_YOUR ASSIGNMENT_
Every record below should be repeated exactly, with the pictures left out.

[Collected data entries]
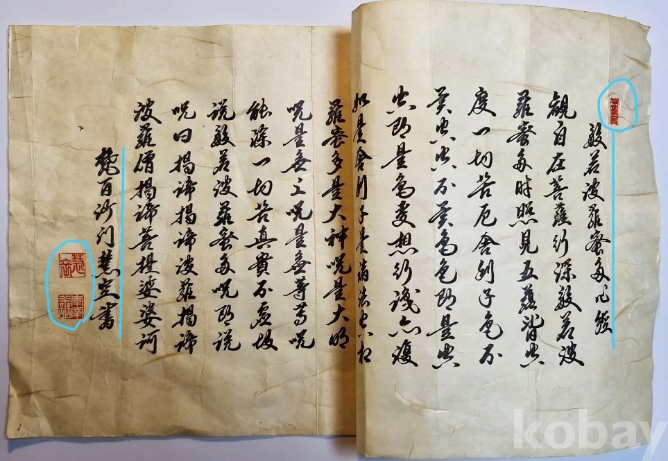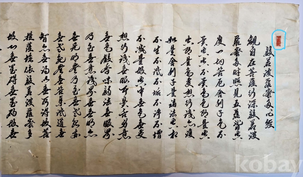 ◈ 혜공(慧空)이 쓴 반야심경 복사본이다.
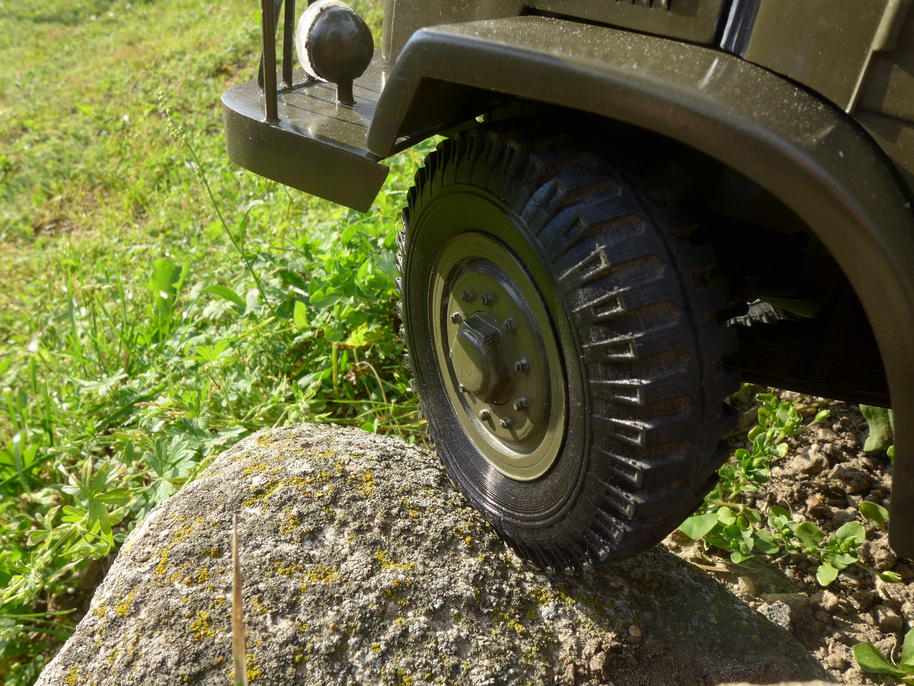 Bylo zajímavé pozorovat, jak se Tatra nyní při sklouznutí z nějakého kamene nebo jiné překážky jakoby zavlní vlivem propružení všech šesti pneumatik. To je zcela nový a realistický prvek chování modelu, původní tvrdé silniční pneumatiky toto neumožňovaly.
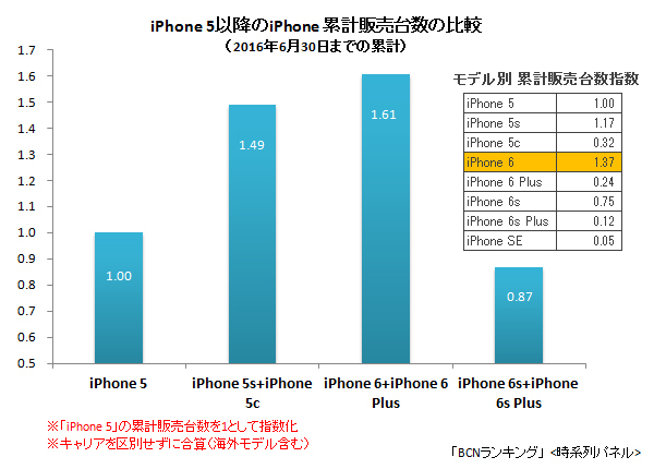 「iPhone 6s」は当初の見込みを下回っているとしても、メーカー別では、アップルのシェアは依然として4割超を占め、話題のゲームやSNSができる、一番売れている手堅いスマホを選びたい、というニーズにマッチするのはiPhoneだ。とはいえ、史上最大のアップデートを謳いながらも、次期OS「iOS 10」の新機能は目新しさに乏しく、モデルチェンジで買い替えニーズが急に高まるとは考えにくい。料金プランやキャンペーンについても、主要3キャリア横並びの状況が大きく変わるとは思えない。振り返ると、ピークは、「iPhone 5s」から「iPhone 6」にかけてだったのかもしれない。(BCN・嵯峨野 芙美)*「BCNランキング」は、全国の主要家電量販店・ネットショップからパソコン本体、デジタル家電などの実売データを毎日収集・集計している実売データベース(パソコンの場合)で、日本の店頭市場の約4割をカバーしています。
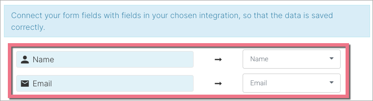 5. Next, connect the form fields with the appropriate values defined in E-goi.
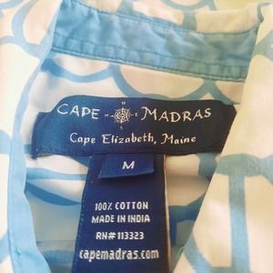 Cape Madras Womens Blue and White Geometric Print 3/4 Sleeve Button Down Collard Blouse Size Medium, Please See Measurements For Best Fit, Nice Condition!
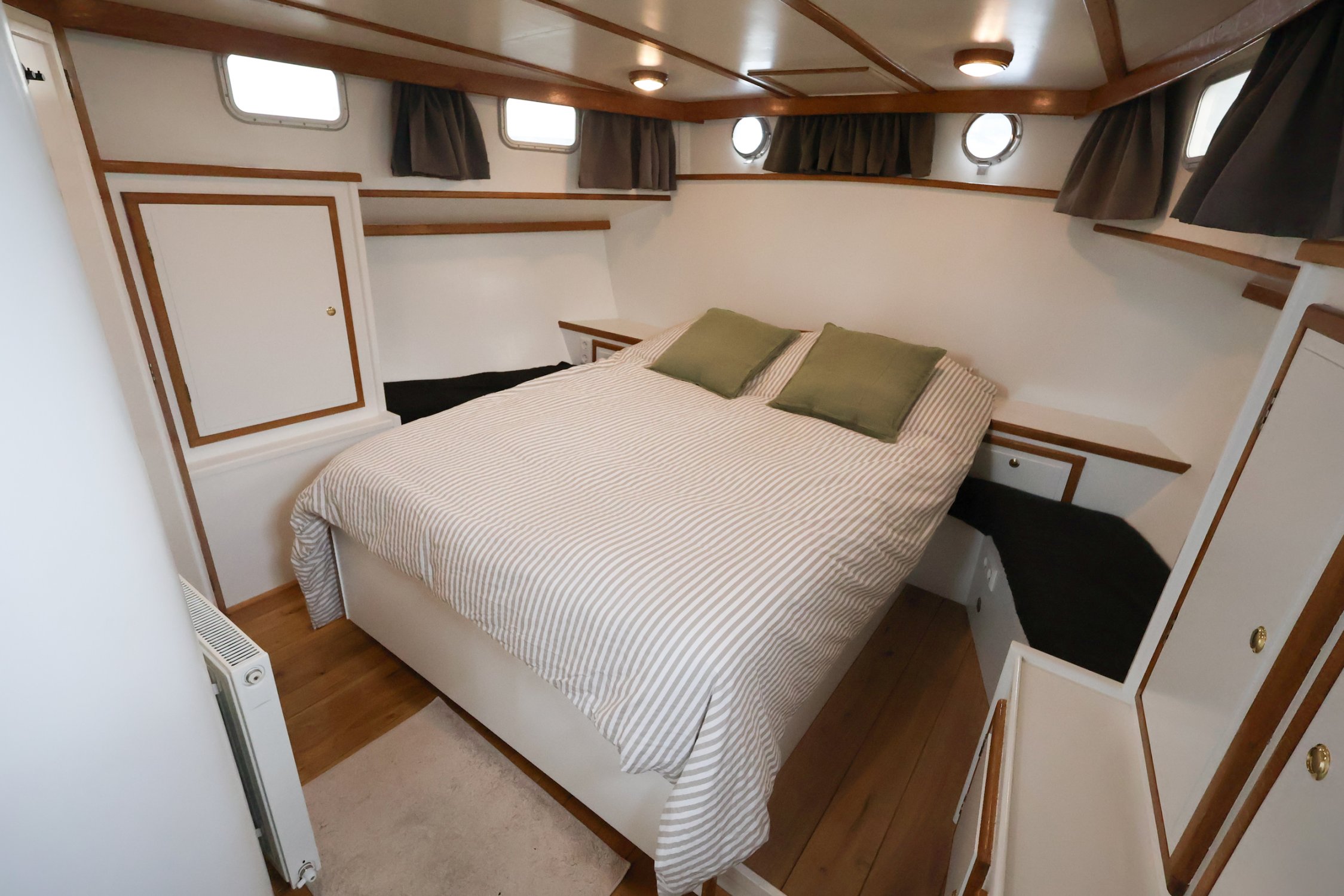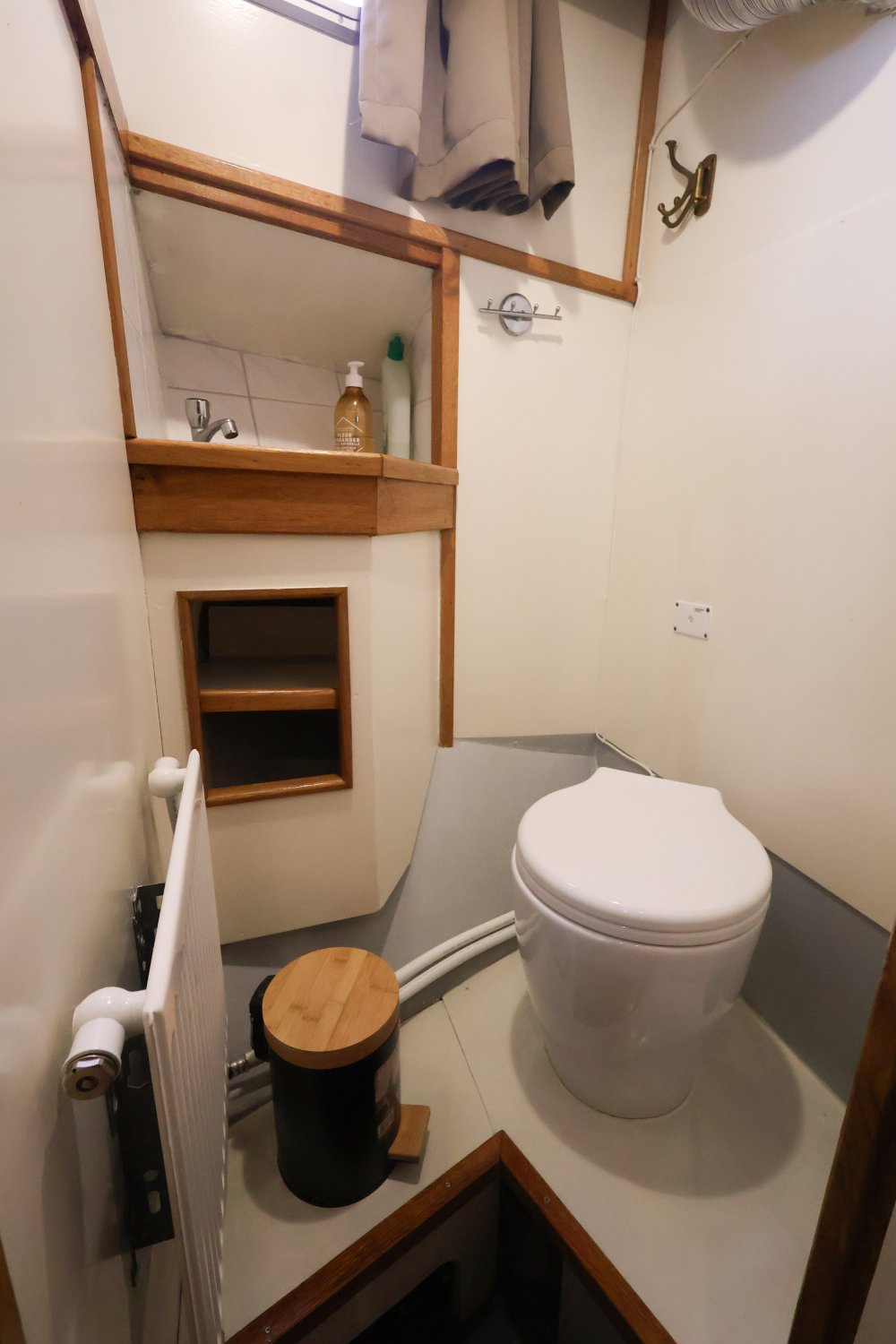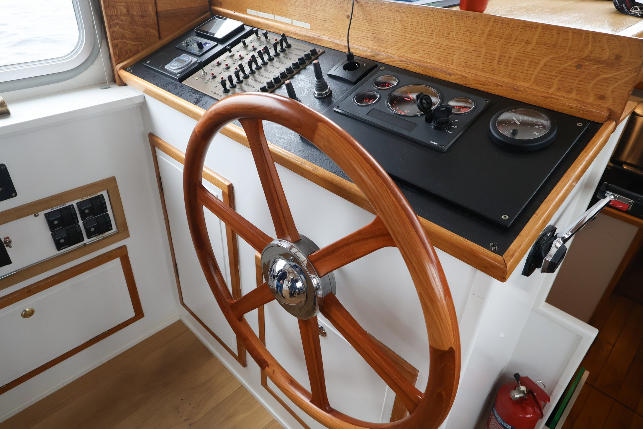 There are two electric toilets, including a new Tecma toilet in the aft cabin (2024). The interior was recently painted, fitted with new curtains with pleats, and the wheelhouse has a new oak floor (2025).
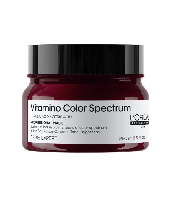 L'Oréal Serie Expert Vitamino Color Spectrum Mask 250ml is een luxe, hydraterend haarmasker speciaal voor gekleurd haar. Geniet langer van een mooie haarkleur en geef gekleurd haar een prachtige glans! Dit diep verzorgende masker verzorgt en verzacht alle haartypes. Het masker versterkt het haar en creëert een ultra-glans. Met Vitamino Color Spectrum vergrendel je de haarkleur in je lokken voor tot wel 100 dagen langer een mooie, levendige haarkleur.
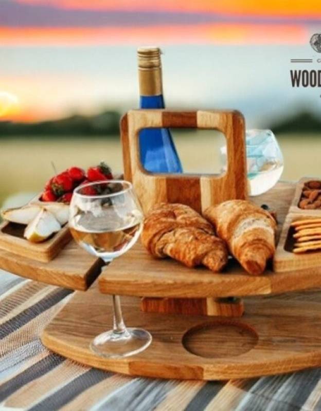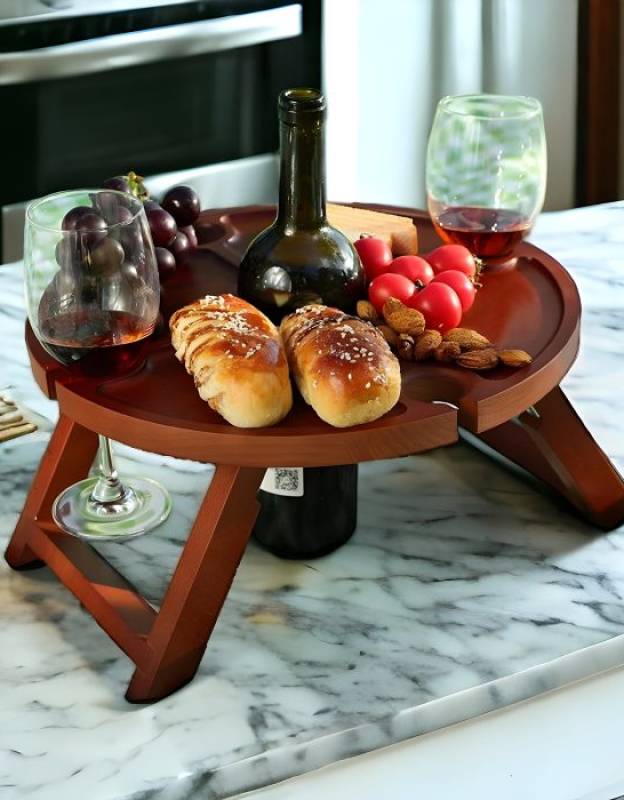 Wooden Portable Wine Table, Olive Wood Picnic Table, Rustic Wine And Cheese Board, Oak Wooden Wine Table, Kitchen Decor, Gift For Wine Lover
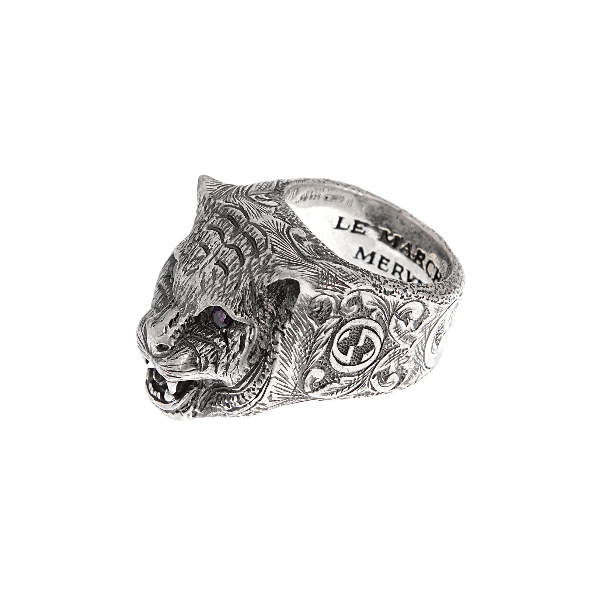 Unleash your wild side with this Gucci Le Marché des Merveilles Tiger Head Ring, a fierce and intricately detailed masterpiece of Italian craftsmanship. Made from aged sterling silver, this sculptural ring features a three-dimensional tiger head, complete with intensely textured fur, an expressive snarl, and striking violet-colored gemstone eyes that command attention.
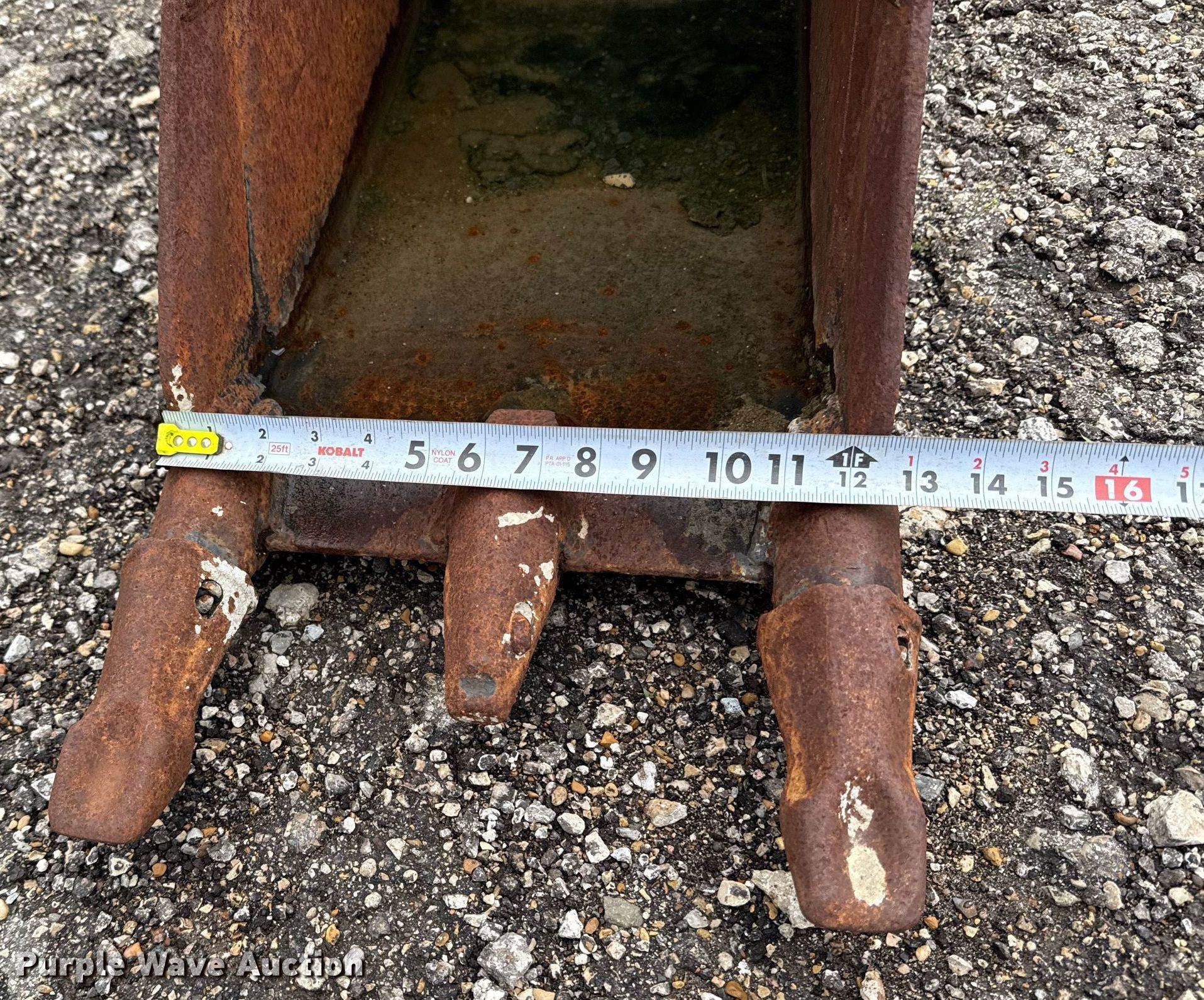 Caterpillar backhoe bucket. Width: 13", Teeth: 3. Valfair Construction - Open Inspection June 9, 10 and 11. 501 East US Highway 80. Forney, TX 75126

_WRITTEN ANSWER_
 ◈ 혜공(慧空)이 쓴 반야심경 복사본이다.
 Bylo zajímavé pozorovat, jak se Tatra nyní při sklouznutí z nějakého kamene nebo jiné překážky jakoby zavlní vlivem propružení všech šesti pneumatik. To je zcela nový a realistický prvek chování modelu, původní tvrdé silniční pneumatiky toto neumožňovaly.
 「iPhone 6s」は当初の見込みを下回っているとしても、メーカー別では、アップルのシェアは依然として4割超を占め、話題のゲームやSNSができる、一番売れている手堅いスマホを選びたい、というニーズにマッチするのはiPhoneだ。とはいえ、史上最大のアップデートを謳いながらも、次期OS「iOS 10」の新機能は目新しさに乏しく、モデルチェンジで買い替えニーズが急に高まるとは考えにくい。料金プランやキャンペーンについても、主要3キャリア横並びの状況が大きく変わるとは思えない。振り返ると、ピークは、「iPhone 5s」から「iPhone 6」にかけてだったのかもしれない。(BCN・嵯峨野 芙美)*「BCNランキング」は、全国の主要家電量販店・ネットショップからパソコン本体、デジタル家電などの実売データを毎日収集・集計している実売データベース(パソコンの場合)で、日本の店頭市場の約4割をカバーしています。
 5. Next, connect the form fields with the appropriate values defined in E-goi.
 Cape Madras Womens Blue and White Geometric Print 3/4 Sleeve Button Down Collard Blouse Size Medium, Please See Measurements For Best Fit, Nice Condition!
 There are two electric toilets, including a new Tecma toilet in the aft cabin (2024). The interior was recently painted, fitted with new curtains with pleats, and the wheelhouse has a new oak floor (2025).
 L'Oréal Serie Expert Vitamino Color Spectrum Mask 250ml is een luxe, hydraterend haarmasker speciaal voor gekleurd haar. Geniet langer van een mooie haarkleur en geef gekleurd haar een prachtige glans! Dit diep verzorgende masker verzorgt en verzacht alle haartypes. Het masker versterkt het haar en creëert een ultra-glans. Met Vitamino Color Spectrum vergrendel je de haarkleur in je lokken voor tot wel 100 dagen langer een mooie, levendige haarkleur.
 Wooden Portable Wine Table, Olive Wood Picnic Table, Rustic Wine And Cheese Board, Oak Wooden Wine Table, Kitchen Decor, Gift For Wine Lover
 Unleash your wild side with this Gucci Le Marché des Merveilles Tiger Head Ring, a fierce and intricately detailed masterpiece of Italian craftsmanship. Made from aged sterling silver, this sculptural ring features a three-dimensional tiger head, complete with intensely textured fur, an expressive snarl, and striking violet-colored gemstone eyes that command attention.
 Caterpillar backhoe bucket. Width: 13", Teeth: 3. Valfair Construction - Open Inspection June 9, 10 and 11. 501 East US Highway 80. Forney, TX 75126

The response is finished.